By Alisa Pierce
Music Journalist
Artist: Elbow
Album: Little Fictions
Release Date: February 3, 2017
Website: http://elbow.co.uk/
Little Fictions is the seventh studio album from the English rock band Elbow. The band has traditionally focused on progressive rock, a genre they’ve redefined by using tame guitar riffs and orchestral compositions, but have been known to produce albums that incorporate more than one category of music. Despite the band’s genre jumping, Elbow has narrowed down their sound in the twenty-five years they’ve been active by surging back and forth between an emo-style of progressive rock and a more aggressive tone which emerged in their later albums.
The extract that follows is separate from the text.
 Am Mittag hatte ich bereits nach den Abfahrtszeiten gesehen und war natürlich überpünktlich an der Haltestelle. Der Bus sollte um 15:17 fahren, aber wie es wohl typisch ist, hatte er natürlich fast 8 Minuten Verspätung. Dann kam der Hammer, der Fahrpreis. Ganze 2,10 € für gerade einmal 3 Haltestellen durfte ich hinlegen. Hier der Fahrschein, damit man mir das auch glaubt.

Little Fictions provides over two decades worth of the band reinventing itself, yet the album stays true to Elbow’s focus on dramatic and reflective songwriting.
The deep songwriting focus can be seen first through the album art, which shows a young woman walking amid a vast sea and towering rock structures. This gives the album a lonely, yet exploratory feel that later saturates the music. The cover art grabs the attention of anyone looking for an interesting album to listen to, and fortunately the art’s promises are fulfilled by the album’s tracks.
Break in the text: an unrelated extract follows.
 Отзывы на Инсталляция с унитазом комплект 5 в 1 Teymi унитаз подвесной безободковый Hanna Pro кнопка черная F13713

Elbow’s debut album, Asleep in the Back, was dreamy and contemplative, while their newest album, Little Fictions, is more direct. The same fanciful and pensive tone remains, but through the years the band’s songwriting has let go of the questions and instead begun to grasp for answers. Little Fictions is a mature album which focuses on an introspective version of progress, as well as forgiveness and love. The album seeks answers while taking on a positive tone and focusing solely on romance and personal evolution through the first six tracks. “Gentle Storm” and “Trust the Sun”, tracks two and three, are whimsical and loving with lyrics such as “I will fly swift and straight to you / Like an arrow / Just to be where you lie” and “I just don’t trust the sun to rise / When I can’t see your eyes / You’re my reason for breathing”. This gives the album it’s love ballads. The romantic tone in the first few tracks work well with the next three songs in the album, “All Disco”, “Head for Supplies”, and “Firebrand & Angel”. These songs switch the album’s focus from love to the band member’s inner monologues.
“All Disco” is the most mature of the album, rivaled only by track nine, “Little Fictions”. “All Disco” tells the tale of forlorn artists telling themselves to relax, which can be seen through the lyrics “Come to the river sun / Let your obsession go / What does it prove if you die for a tune?” and “Let’s be a hundred and five you and I / And sing out a tune of regret to the moon / Perverted old timers / I’ll feed you one liners”. “Head for Supplies” is more supportive with lyrics “Now I’m here at your side / We Try to rhyme our stride / And head for supplies” which seem to focus on not only love, but also surviving a particularly rough patch of life. The two songs go nicely together and are supported by dreamlike synth and mellow strums of the guitar.
“Firebrand & Angel”, track six, changes the tone on the album more directly than the songs before it. The track switches the theme from love and support to a more depressed version of introspection. Lyrics such as “When you’re in her mirror you don’t even know / Your own green eyes” hints that this track was written during a time of frank realization. This is followed nicely by “K2”, “Montparnasse”, and “Little Fictions”, tracks seven, eight, and nine respectively. These songs stay true to the themes in “Firebrand & Angel”, and often stray further from the album’s original positivity and delve deeper into sadder themes. These songs tell the story of someone who is lost, hurt, and brooding with lyrics “Picturing and wishing for home”, “Gatecrashing weddings and swatting memories of you”, and “Confessions from the cab, a habit that I got from dad”.
All of these songs, which might seem lyric heavy, are not presented as such. The lyrics are often muffled, mumbled, or hidden behind interplays of piano and percussion. All ten tracks on the album present echoing vocals telling stories of time passing and memories collecting, while listeners are given a taste of positivity and then melancholy. Although this mellow sadness seems daunting, Little Fictions is a charming addition to Elbow’s album list.